> [Dataset extract]:
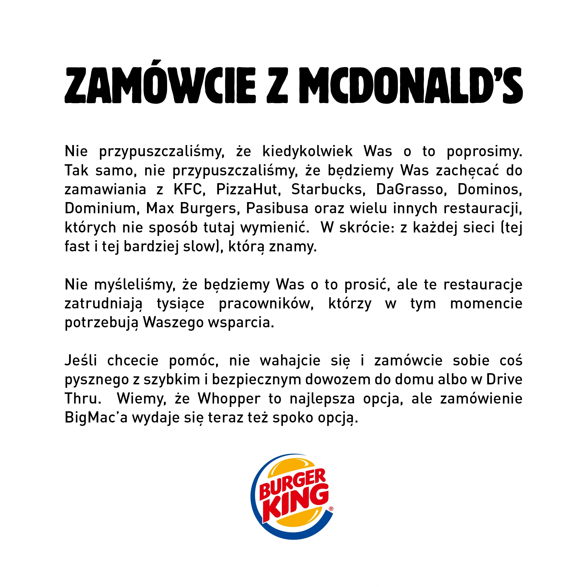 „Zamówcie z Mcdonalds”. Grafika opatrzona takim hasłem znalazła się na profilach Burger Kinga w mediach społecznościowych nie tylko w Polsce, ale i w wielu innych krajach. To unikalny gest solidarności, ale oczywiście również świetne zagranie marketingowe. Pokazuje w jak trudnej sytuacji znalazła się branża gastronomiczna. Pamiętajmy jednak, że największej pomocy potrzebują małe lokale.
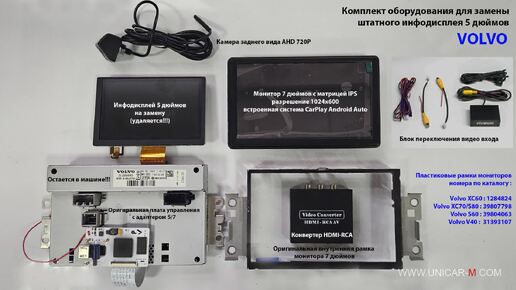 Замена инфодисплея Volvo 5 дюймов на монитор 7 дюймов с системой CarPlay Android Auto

* * *

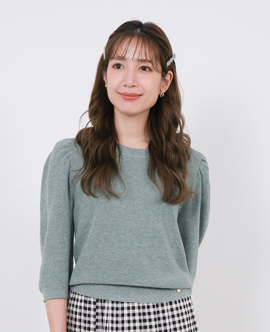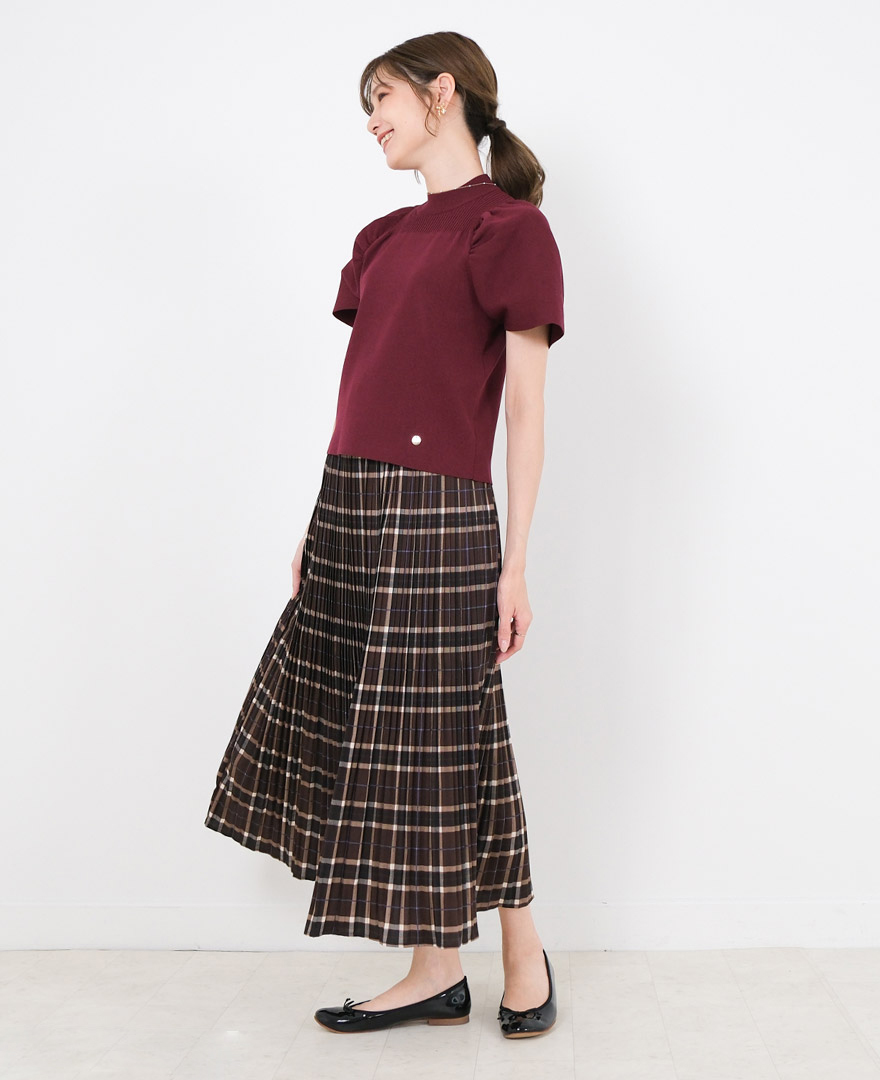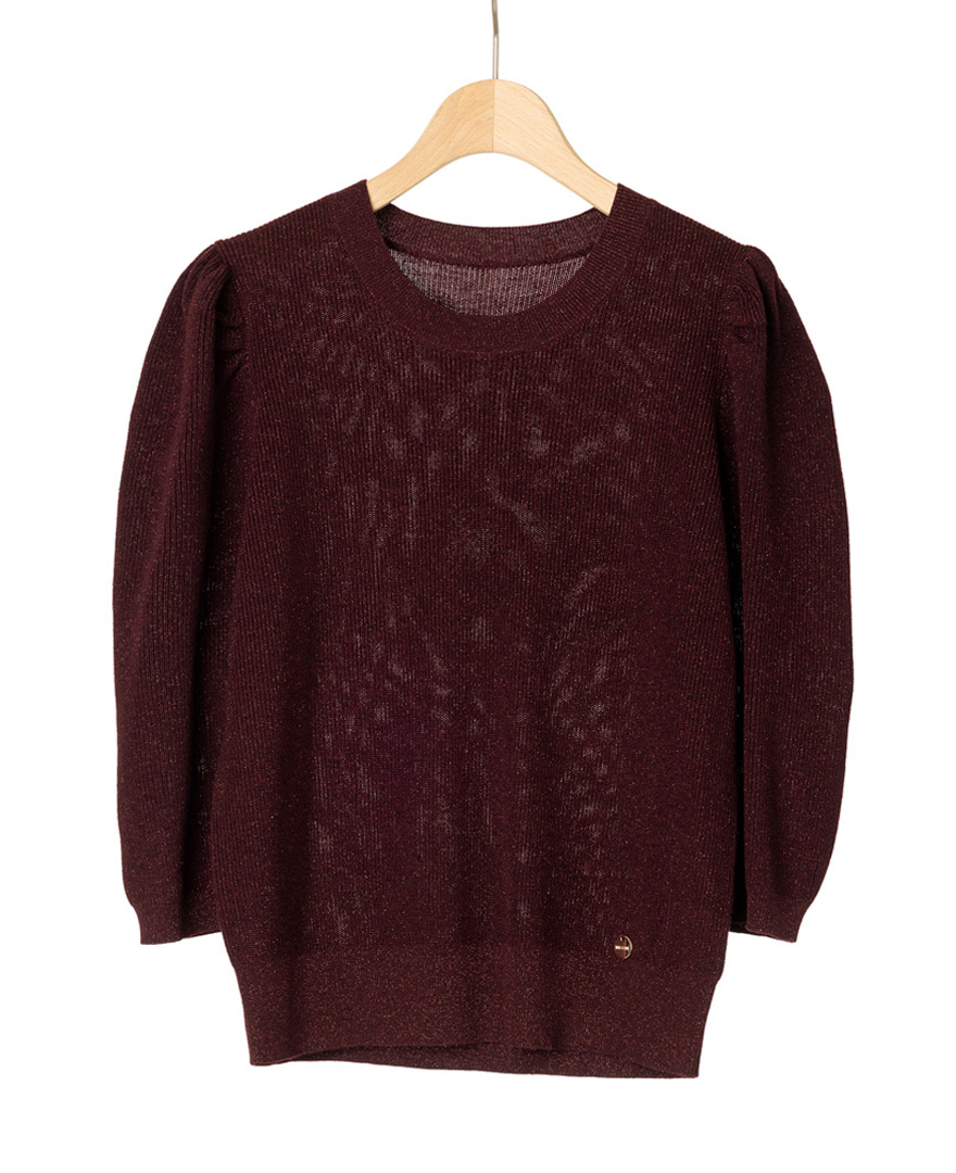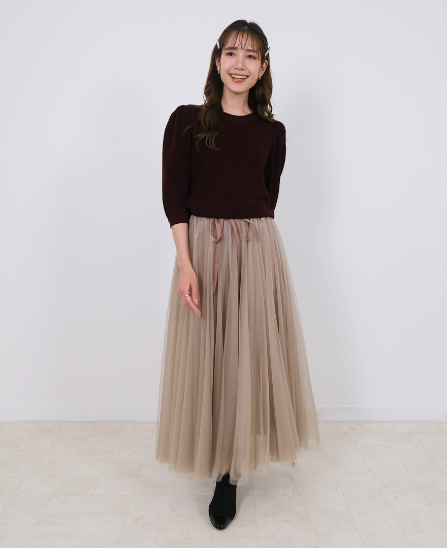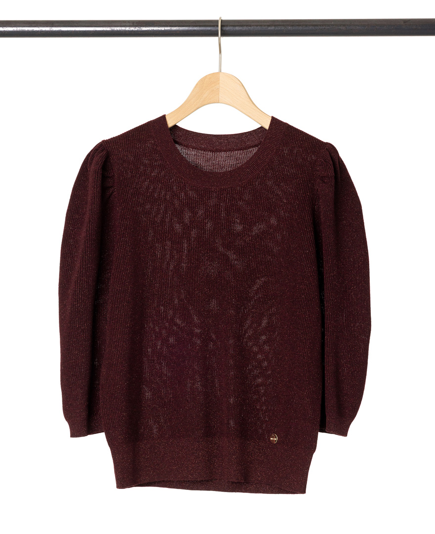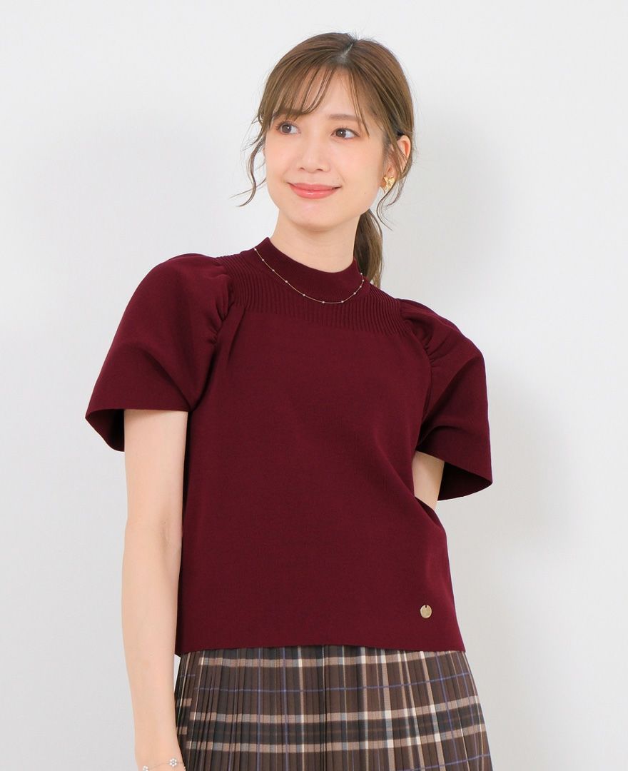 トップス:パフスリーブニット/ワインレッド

> [Task details]:
Going by the entries above, repeat exactly the lines that start at the line with "potrzebują małe lokale." and go on through the line with "Замена инфодисплея Volvo". Pictures are not part of the copy.

> [Reply]:
 „Zamówcie z Mcdonalds”. Grafika opatrzona takim hasłem znalazła się na profilach Burger Kinga w mediach społecznościowych nie tylko w Polsce, ale i w wielu innych krajach. To unikalny gest solidarności, ale oczywiście również świetne zagranie marketingowe. Pokazuje w jak trudnej sytuacji znalazła się branża gastronomiczna. Pamiętajmy jednak, że największej pomocy potrzebują małe lokale.
 Замена инфодисплея Volvo 5 дюймов на монитор 7 дюймов с системой CarPlay Android Auto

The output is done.